Success for OWN is relative. Last year, 325,000 people watched the channel on a typical night, 160,000 of whom were 25 to 54 years old. About 50 broadcasters and cable channels had a bigger audience. But OWN was up about 30 percent over its first year, 2011.
Publicly, the low point for the channel seemed to come in March 2012, when the channel decided to lay off 30 employees, about 20 percent of its work force. The layoffs and the cancellation of a talk show by Rosie O’Donnell helped the channel to save $50 million a year and achieve profitability more quickly.
But Discovery was hounded by questions about whether the channel was going to be shut down, and the sour headlines stung Ms. Winfrey, who a week later, on “CBS This Morning,” said: “Had I known that it was this difficult, I might have done something else.”
By then, OWN was beginning to rebound from its ratings lows. Behind the scenes, the low point actually came 10 months earlier, in May 2011, when Ms. Winfrey and Discovery dismissed the channel’s founding chief executive, Christina Norman.
That was a signal that the venture was in real trouble — the channel’s ratings at the time were lower than those of the obscure health channel it had replaced — and needed saving. Three months later, Ms. Winfrey, now finished with her daytime talk show, took over as chief executive and named Mr. Logan and Ms. Salata as presidents.
“We’ve always said to ourselves, ‘Slow and steady, slow and steady,’ ” Mr. Logan said in a phone interview on Wednesday.
That’s the mantra for every young cable channel, but arguably no channel has ever received as much scrutiny as OWN, because no channel has had the backing of a superstar like Ms. Winfrey. On CBS last spring, she faulted OWN for “launching when we really weren’t ready to launch,” while she was still busy with her daytime talk show.
(In interviews more recently, she has been cheerful about OWN and its future. “We have made the pivot,” she proclaimed on ABC’s “Good Morning America” in October.)
The channel also suffered from overly optimistic projections, even when it was still in the planning stages. The six million or seven million viewers who watched Ms. Winfrey during the daytime didn’t all flock to her prime-time interviews. The highest-rated interview to date, with Whitney Houston’s family after her death last year, drew 3.5 million viewers. Traffic to Oprah.com (another part of her joint venture with Discovery) has leveled off.

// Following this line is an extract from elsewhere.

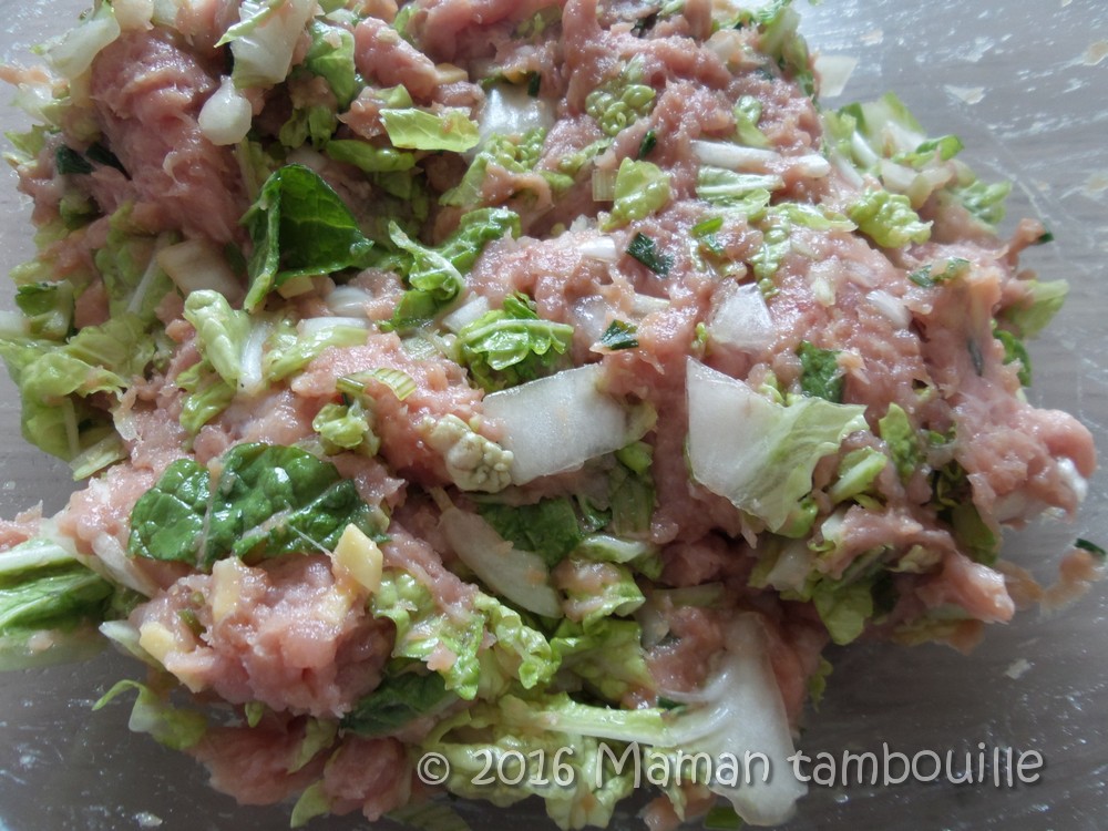 Mettre le porc dans un saladier. Ajouter la ciboulette émincée, l’oignon nouveau, le gingembre épluché et finement émincé, la gousse d’ail écrasée au presse-ail ou finement émincée.
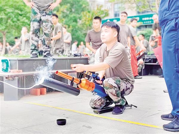 “應(yīng)急通信與拋投設(shè)備”科目賽場(chǎng),科技含量高。無(wú)人機(jī)騰空而起,飛向模擬的7樓窗口查看電話號(hào)碼,衛(wèi)星電話迅速撥通,接收考官指令;拋投器精準(zhǔn)發(fā)射,命中目標(biāo)區(qū)域。

But OWN has captured a significant share of the African-American viewing audience, which partly explains the channel’s decision to sign a deal with Ms. Winfrey’s fellow superstar Tyler Perry, who is known for his sitcoms that star African-American actors. Mr. Perry’s new scripted series will make its debut on OWN in May.
The channel has also attracted viewers during the day with repeats of “Dr. Phil” and “The Nate Berkus Show;” updates on old episodes of Ms. Winfrey’s own talk show; and a heavy dose of crime and mystery reality shows from other Discovery channels.
While episodes of “48 Hours” and “Main Street Mysteries” may not be exactly on brand for Ms. Winfrey, they do rate. Mr. Logan said OWN was grateful to have the repeats for now, and expected to become less dependent on them. “We’re focused on creating more depth for the network,” he said.